Exercise requirements | Set down, word for word, each line from the top of the data through the line that has "海南公司五項QC成果獲得省級表彰 時間:2018-09-03 3087"; omit every picture.

Top of Dataset content

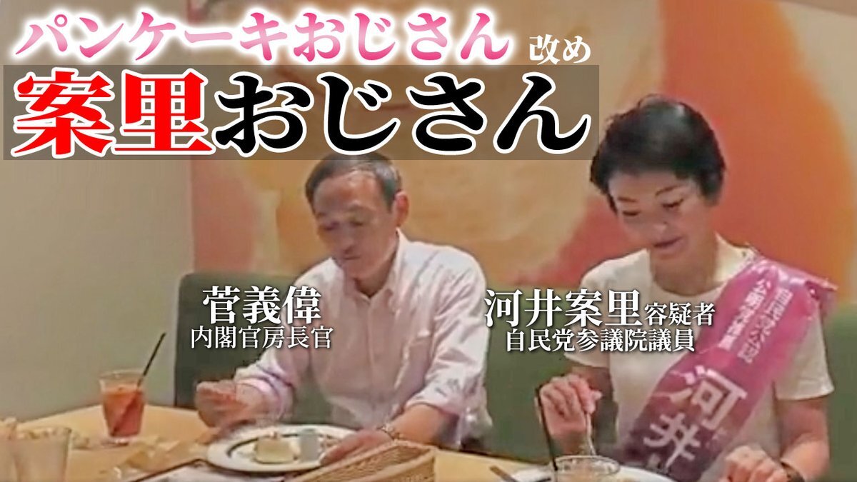 次の総理を目指す菅長官に「パンケーキおじさん」という意味不明の愛称が作り出されたようですが、あまりに実態とかけ離れています。 むしろここで注目するべきは、パンケーキを隣で一緒に食べていた人物・河井案里容疑者。現金を地元でバラまき、買収容疑で逮捕された人物と随分親しいようですね。 pic.x.com/DborduqHQS
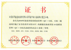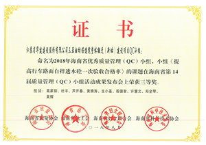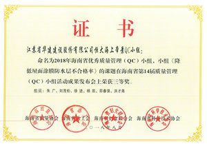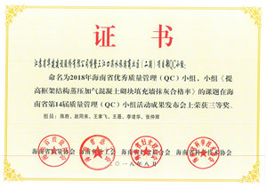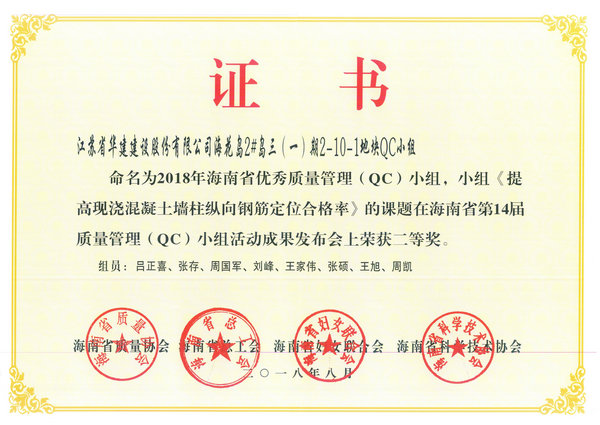 海南公司五項QC成果獲得省級表彰 時間:2018-09-03 3087 日前,海南省質量協會公布了2018年海南省“優秀質量管理(QC)小組”活動成果評比結果,海南分公司共有5項成果受到表彰。其中,?;◢u2#島三(一)期2-10-1地塊QC小組榮獲二等獎,博鰲三江口濱水旅游商業區(二期)項目部QC小組、三亞婦幼保健院整體搬遷(新址)建設項目QC小組、恒大海上帝景QC小組、華盛中央公園國際公寓QC小組榮獲三等獎。 (技術質量處)
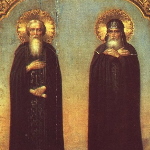 О, преподо́бнии и Богоно́снии отцы́, па́стырие и учи́телие и неле́ностнии наста́вницы на́ши! О земны́х небре́гше, в зе́млю кро́тких всели́лися есте́, из нея́же израсти́ли есте́ плоды́ доброде́телей; тле́нныя тала́нты не сокро́виществовавше, нетле́нныя тала́нты преумно́жили есте́ во сто крат и мно́жае; челове́ческия сла́вы теку́щия не иска́вше, возда́ли есте́ сла́ву Бо́гу и Спа́су всех и сего́ ра́ди прославля́етеся ны́не на Небесе́х в Це́ркви перворо́дных. Моли́те Человеколю́бца Спа́са Христа́, да просвети́т ны, помраче́нныя, покая́нием, да освяти́т ны, гре́шныя, си́лою, наи́тием и де́йствием благода́ти Свята́го Ду́ха, чрез достопокланя́емыя ико́ны подае́мою, да поми́лует ны, немощны́я, моли́твами ва́шими и предста́тельством Пренепоро́чныя Его́ Ма́тере и сподо́бит узре́ти сла́ву Пречи́стого ли́ка Своего́ во Ца́рствии Небе́снем. Ами́нь.

Bottom of Dataset content

Task response |
 次の総理を目指す菅長官に「パンケーキおじさん」という意味不明の愛称が作り出されたようですが、あまりに実態とかけ離れています。 むしろここで注目するべきは、パンケーキを隣で一緒に食べていた人物・河井案里容疑者。現金を地元でバラまき、買収容疑で逮捕された人物と随分親しいようですね。 pic.x.com/DborduqHQS
 海南公司五項QC成果獲得省級表彰 時間:2018-09-03 3087 日前,海南省質量協會公布了2018年海南省“優秀質量管理(QC)小組”活動成果評比結果,海南分公司共有5項成果受到表彰。其中,?;◢u2#島三(一)期2-10-1地塊QC小組榮獲二等獎,博鰲三江口濱水旅游商業區(二期)項目部QC小組、三亞婦幼保健院整體搬遷(新址)建設項目QC小組、恒大海上帝景QC小組、華盛中央公園國際公寓QC小組榮獲三等獎。 (技術質量處)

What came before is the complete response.